Davis hit 350 career homers over a 19-year career. And Happ was a little off: Davis homered from both sides of the plate in a game 11 times.

Meanwhile, Bryant extended his streak of games with an extra-base hit to five, tying a career best.

“Up and down, I thought we did really well,” Maddon said. “A nice tight game.”

The offensive explosion came one night after the Cubs toiled into the early-morning hours only to be defeated on a 14th-inning, walk-off homer in St. Louis off the bat of former teammate Dexter Fowler. Chicago arrived home early Monday morning and skipped batting practice before Monday’s game. Apparently, fatigue and a clipped pregame routine were just what the doctor ordered.

It was that kind of night for the Cubs, when everything they needed fell into place. Need an offensive jolt? Well, 14 runs ought to wake you up. Need to stop hitting solo homers? How about four dingers with men on base?

“We do this every day,” Happ said. “There are going to be times where everybody is going good, or everybody is going bad. But that’s part of the flow. For us to have [slumped] early kind of magnifies it, but we will be all right.”

And after a long, long game on a getaway day in St. Louis, how about a starter who saves the bullpen? That’s where the uber-efficient Kyle Hendricks comes in.

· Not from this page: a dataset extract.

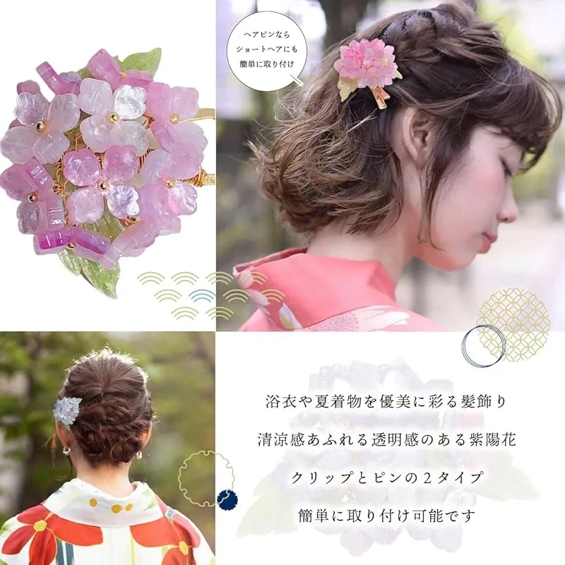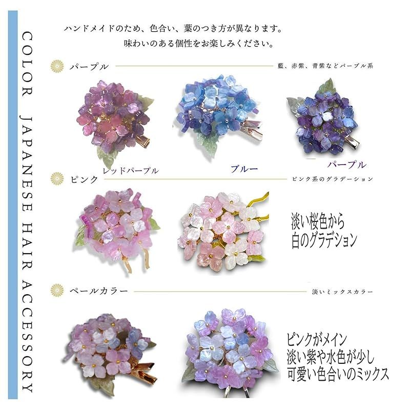 【商品説明】 夏の和装スタイルにワンポイントの華を添えて、あじさいモチーフの髪飾りです。パープル・ブルー・ピンク・レッドパープル・ペールカラー。濃淡のグラデーションが綺麗です。クリップタイプとかんざしタイプがありますので、髪型に合わせてお使いいただけます。浴衣に合わせて涼やかな紫陽花の髪飾りをお楽しみくださいね。

Hendricks baffled the Marlins all night by moving around his fastball and spotting in an effective changeup, getting soft early contact throughout an eight-inning outing that required just 98 pitches. Even though the Cubs piled up 14 runs and 15 hits, the contest was still played in a relatively brisk 2 hours, 48 minutes. Thank Mr. Hendricks for that too.

“You have it in your mind, for sure, going out there for a start,” Hendricks said of going deep into the game. “The only way to do that is to make good pitches, pitch to contact and get quick outs. Which I try to do anyway, so you take the same mindset out there.”

The day was not without its trials. After battling illness for a few days, starter Yu Darvish was placed on the 10-day disabled list because of the flu. He won’t make his scheduled start on Tuesday against Florida, which leaves the Cubs scrambling for a starter, or possibly to cobble together a bunch of relievers for a bullpen game.

Then Baez was removed from the game in the seventh inning because of soreness in his right groin. His homer gave him long balls in three straight games, the longest streak of his career. He leads the Cubs with 10 homers and 32 RBIs over the first 32 games, 31 of which Baez has appeared in. The most recent Cubs player to reach those homer and RBI counts in the first 32 games of the season was Sammy Sosa in 2001.

So the Cubs will get back after it on Tuesday, not knowing if their hottest hitter will be available, but after Monday, they at least can take solace in a lineup that appeared to be waking from a long slumber. Then again, it was just one night, and it was against a Marlins team that does not currently deploy an elite pitching staff.

“Baseball is designed to torture you,” Epstein said of his chosen profession, comments from which you might deduce he is kind of a sadist. “And then it makes it that much better when things go your way.”